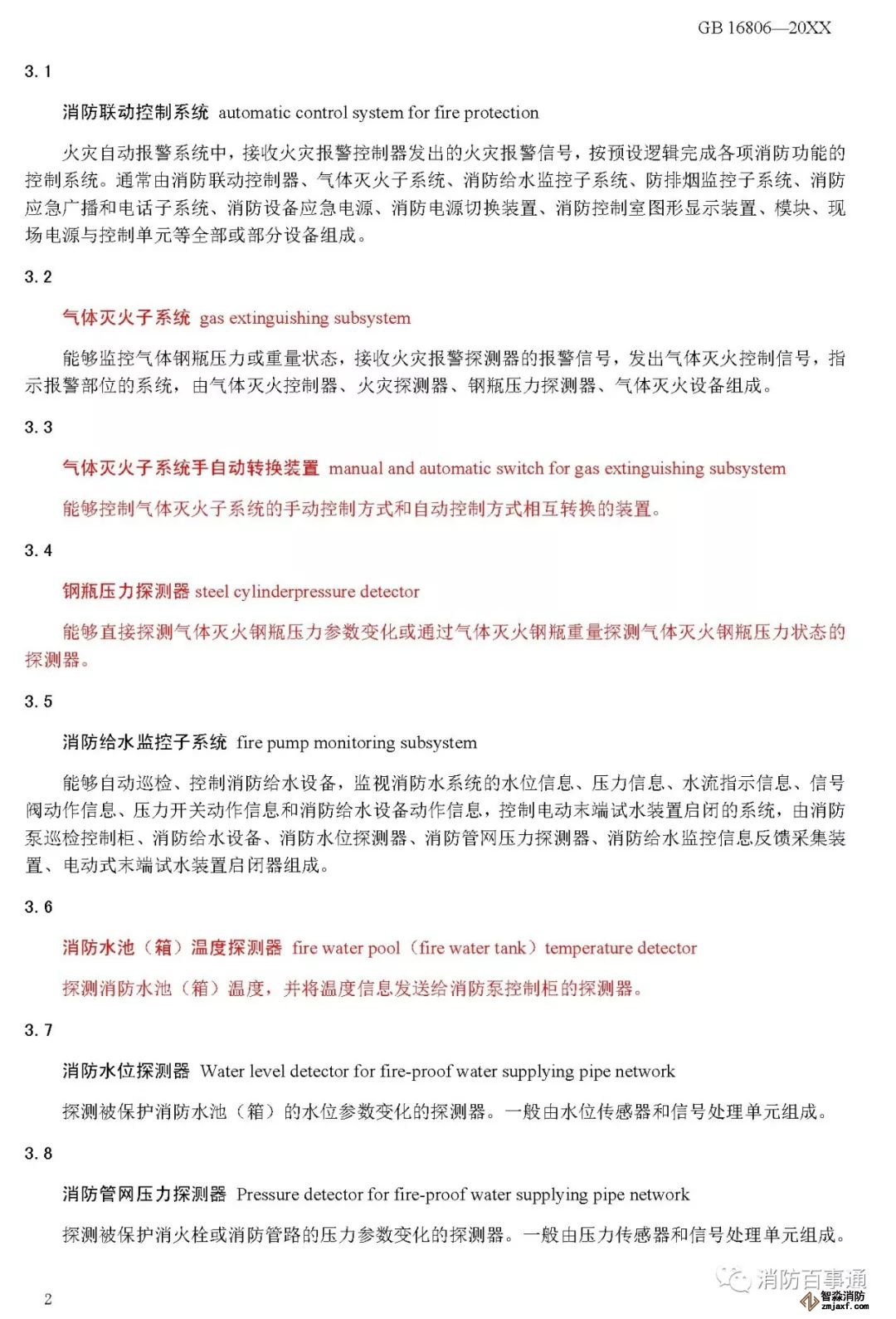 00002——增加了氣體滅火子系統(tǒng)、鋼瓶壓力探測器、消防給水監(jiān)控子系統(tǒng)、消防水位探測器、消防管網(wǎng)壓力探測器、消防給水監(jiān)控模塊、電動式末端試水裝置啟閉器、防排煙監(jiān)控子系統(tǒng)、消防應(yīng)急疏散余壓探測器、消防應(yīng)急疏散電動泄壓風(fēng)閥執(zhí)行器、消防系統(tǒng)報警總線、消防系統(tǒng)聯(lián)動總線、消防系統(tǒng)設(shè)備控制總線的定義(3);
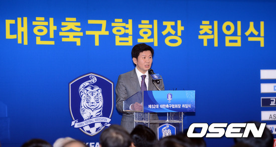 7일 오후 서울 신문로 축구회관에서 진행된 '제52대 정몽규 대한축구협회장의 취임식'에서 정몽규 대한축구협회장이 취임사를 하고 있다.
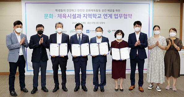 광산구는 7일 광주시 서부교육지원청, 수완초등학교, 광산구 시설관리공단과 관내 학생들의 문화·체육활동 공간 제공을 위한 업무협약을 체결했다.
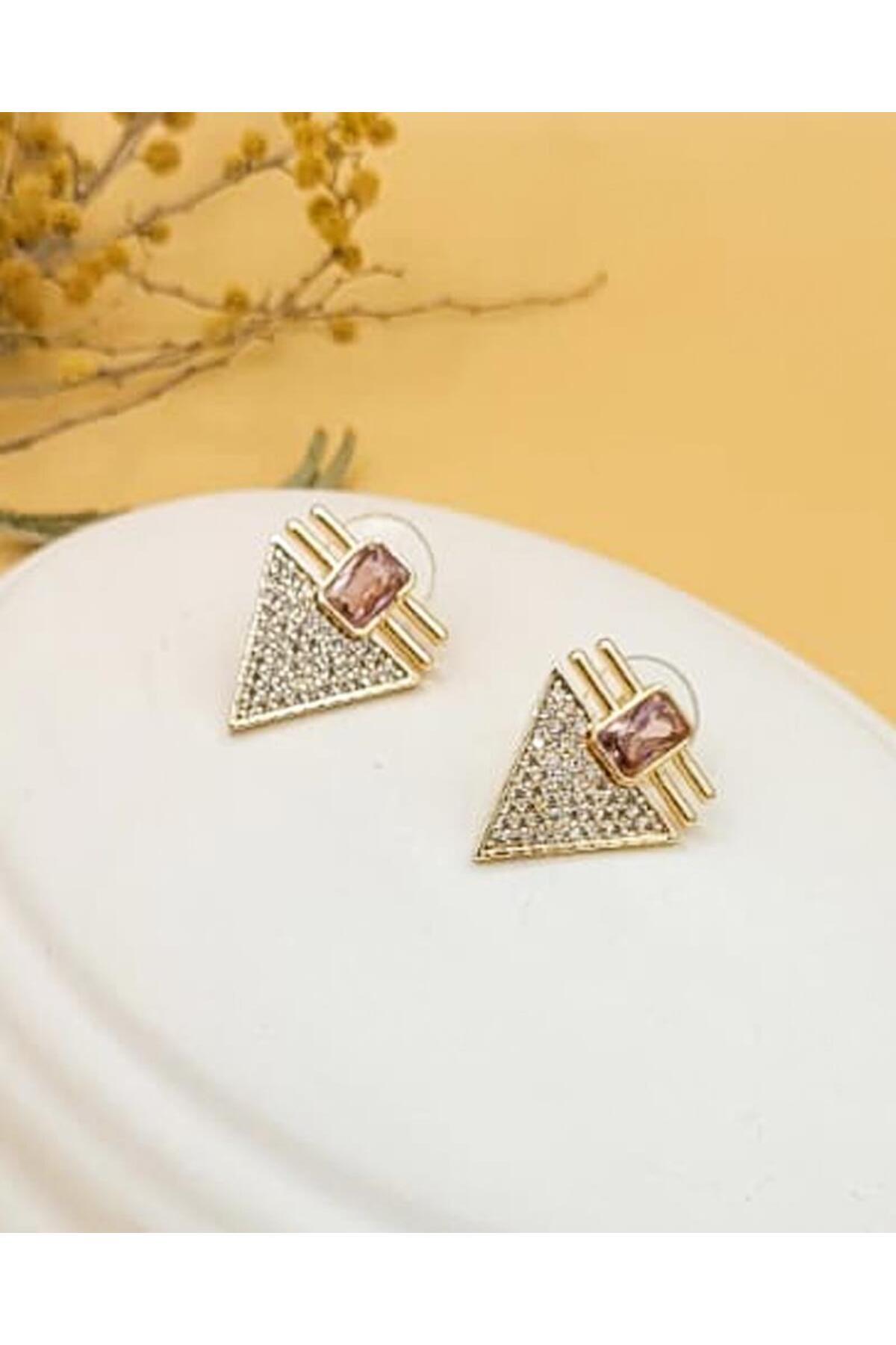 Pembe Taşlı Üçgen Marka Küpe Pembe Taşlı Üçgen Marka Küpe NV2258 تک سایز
...
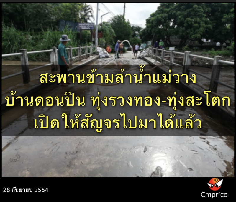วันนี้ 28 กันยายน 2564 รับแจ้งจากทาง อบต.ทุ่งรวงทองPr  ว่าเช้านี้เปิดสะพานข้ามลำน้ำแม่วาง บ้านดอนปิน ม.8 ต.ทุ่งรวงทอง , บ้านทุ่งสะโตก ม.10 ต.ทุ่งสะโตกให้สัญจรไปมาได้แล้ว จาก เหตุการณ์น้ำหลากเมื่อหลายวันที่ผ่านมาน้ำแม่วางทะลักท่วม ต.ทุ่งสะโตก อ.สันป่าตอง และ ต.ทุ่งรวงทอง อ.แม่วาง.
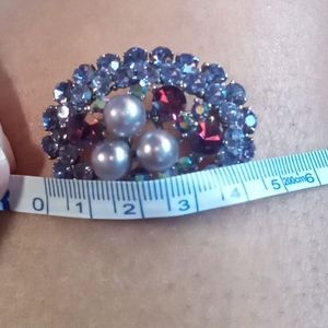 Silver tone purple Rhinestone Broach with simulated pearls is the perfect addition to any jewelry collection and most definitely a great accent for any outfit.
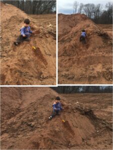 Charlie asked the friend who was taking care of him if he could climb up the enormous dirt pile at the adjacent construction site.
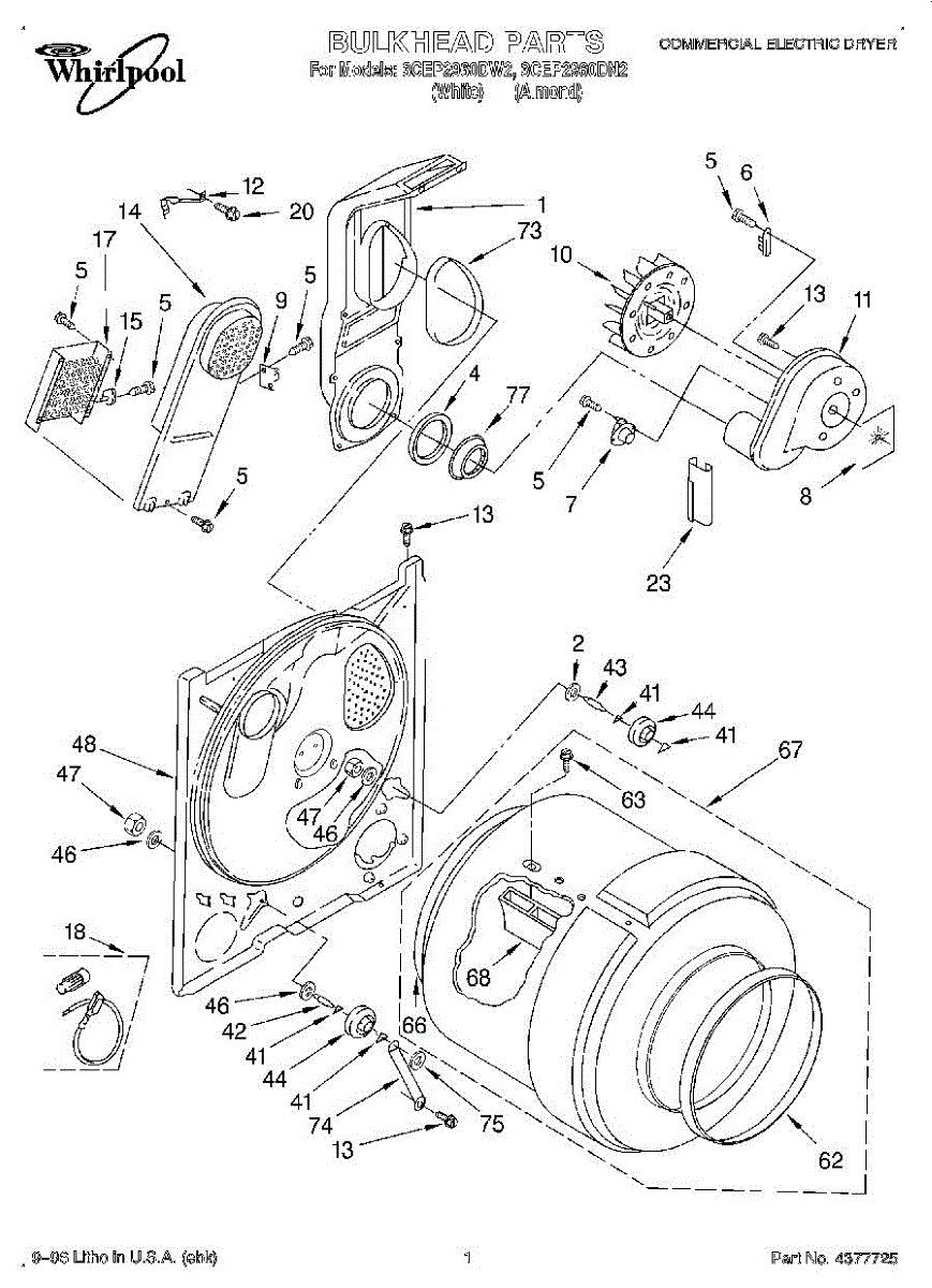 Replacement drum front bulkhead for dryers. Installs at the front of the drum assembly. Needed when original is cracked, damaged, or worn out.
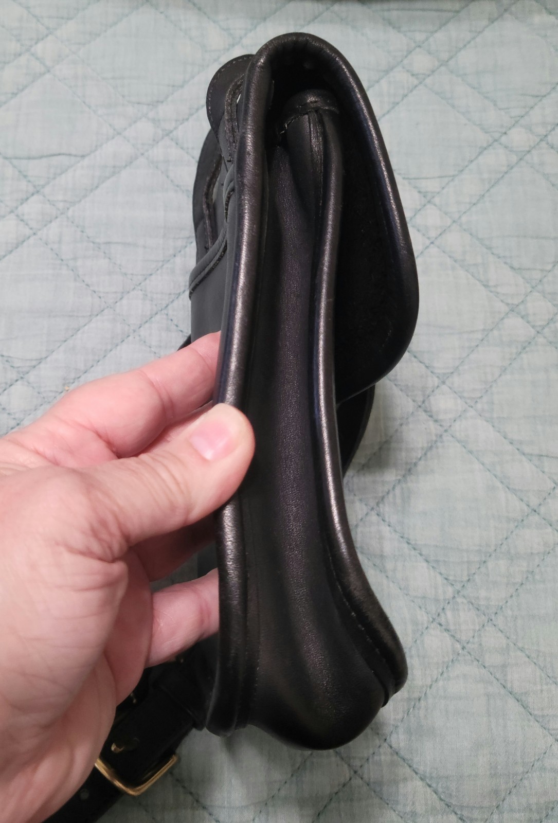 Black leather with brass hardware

**ABOUT THIS EXERCISE**. Only the lines between the one with "Replacement drum front" and the one with "Black leather with brass hardware", those two included, get copied from the material above. Keep it exact and free of pictures.

**WRITTEN ANSWER**.
 Replacement drum front bulkhead for dryers. Installs at the front of the drum assembly. Needed when original is cracked, damaged, or worn out.
 Black leather with brass hardware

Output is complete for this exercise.